TE has been using SPE in transportation for years. Why are we just seeing the transition to industrial applications, and what role will SPE play in Industry 4.0/IIoT?

TE has been involved in SPE from the beginning. The technology is becoming more mainstream in the industrial arena, like with factory automation, but it first needed a volume market like automotive to mature and develop the technology. The core technology of SPE is now being further developed to serve the specific needs of the industrial market (e.g., multidrop and/or longer length networks). More industrial SPE components in wiring and connectivity have become available to enable successful adoption in Industry 4.0 and IIoT.

How is SPE able to deliver more data and power than multiple wires did previously—what technologies enable this?

Generic SPE circuitry with PoDL

Single pair Ethernet is a new technology that uses a single pair of twisted copper wire (instead of two or four pairs) to deliver power and data at speed using power over data lines (PoDL). PoDL eliminates the need for a battery onboard or a separate power source. The simplified wiring structure, bandwidth specifications, and multidrop capability significantly bring down the cost to connect Ethernet nodes, enabling more possible connections.

Today’s and tomorrow’s IIoT manufacturing environment requires hundreds to sometimes thousands of sensors, actuators, switches, controls, and vision systems to be connected and communicate with one another. Using SPE to connect multiple nodes increases the availability of data compared to traditional point-to-point or fieldbus technologies. With connectivity standards supporting PoDL and hybrid technologies, the availability and flexibility of different power schemes up to 400W are covered.

TE Connectivity is a founding member of the SPE Industrial Partner Network. Can you tell us why this network was formed and what TE’s role is?

To successfully introduce a new communication technology to the industrial market, it is essential to offer reliable interoperability between multiple manufacturers and brands. The end user—the industrial factory—often relies on leading brands for their manufacturing plants and are hesitant to switch to something new. They do not want to risk any downtime due to compatibility issues in the factory.

The SPE Industrial Partner Network was created to develop an ecosystem of components and devices designed and manufactured by leading industrial automation brands. By joining the network, these companies commit to following the same standards to produce secure, error-free, reliable communication technology, which is needed and expected in industrial plants for running critical processes. When manufacturers buy components and devices that bear the registered and protected SPE logo, they know these items meet the agreed-upon standards and, therefore, are considered to be trusted and reliable.

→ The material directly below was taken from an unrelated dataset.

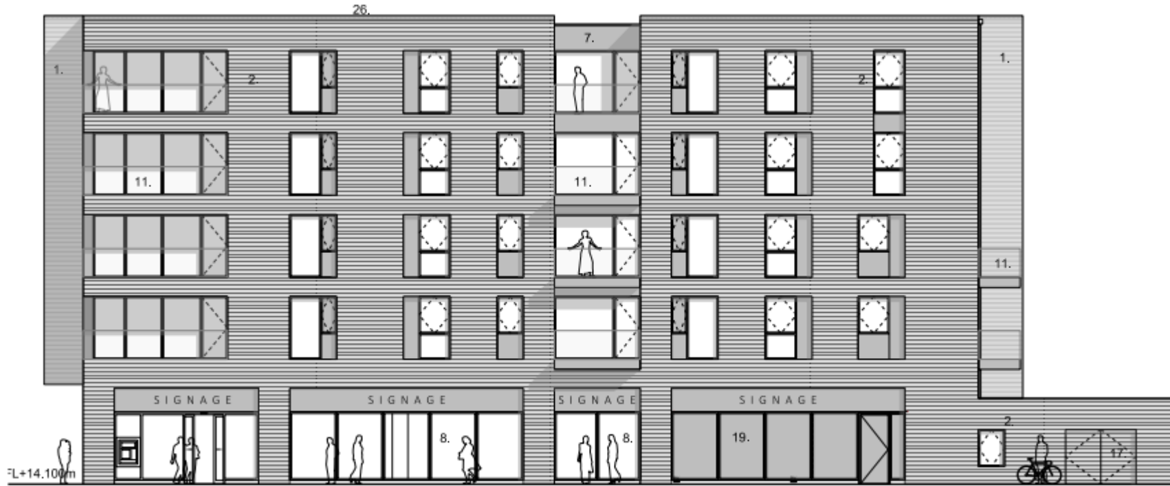
01 Elevation 1

South west elevation facing Hobson's Square
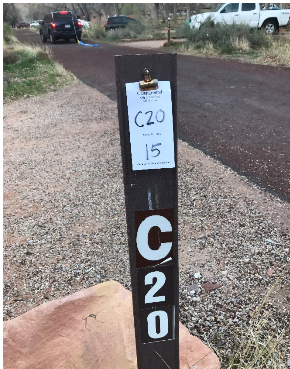
Each campsite was identified by a campsite number.

Since SPE is considered an “enabling technology” for the IIoT, what are your predictions for the adoption of this technology in terms of timing and applications?

With more SPE components becoming available in 2021, we expect the first devices, such as sensors and actuators, will come out towards the end of this year. The benefits of the new technology will be demonstrated to the industrial automation market, and the industry will start embracing it. Mainstream adoption, supported by the primary user consortia, should happen quickly after that.

How will more broad adoption of SPE help engineers/designers drive innovation?

SPE technology supports more devices connected to the network and more transparent communication to and from these devices. This will enable system integrators, software companies, and users of automation systems to create more and better solutions quickly to drive further efficiencies in manufacturing. You could compare it best with what we see happening with mobile phones. By connecting more data points (like our heartbeat, the number of steps we take, smart devices in the home, our daily schedule, etc.), the software can provide us with more intelligent solutions to improve and support us in our daily lives. These smart solutions will also come to the industrial market, and SPE technology will significantly accelerate this trend as it enables the type of communication needed, from machine to machine and machine to human.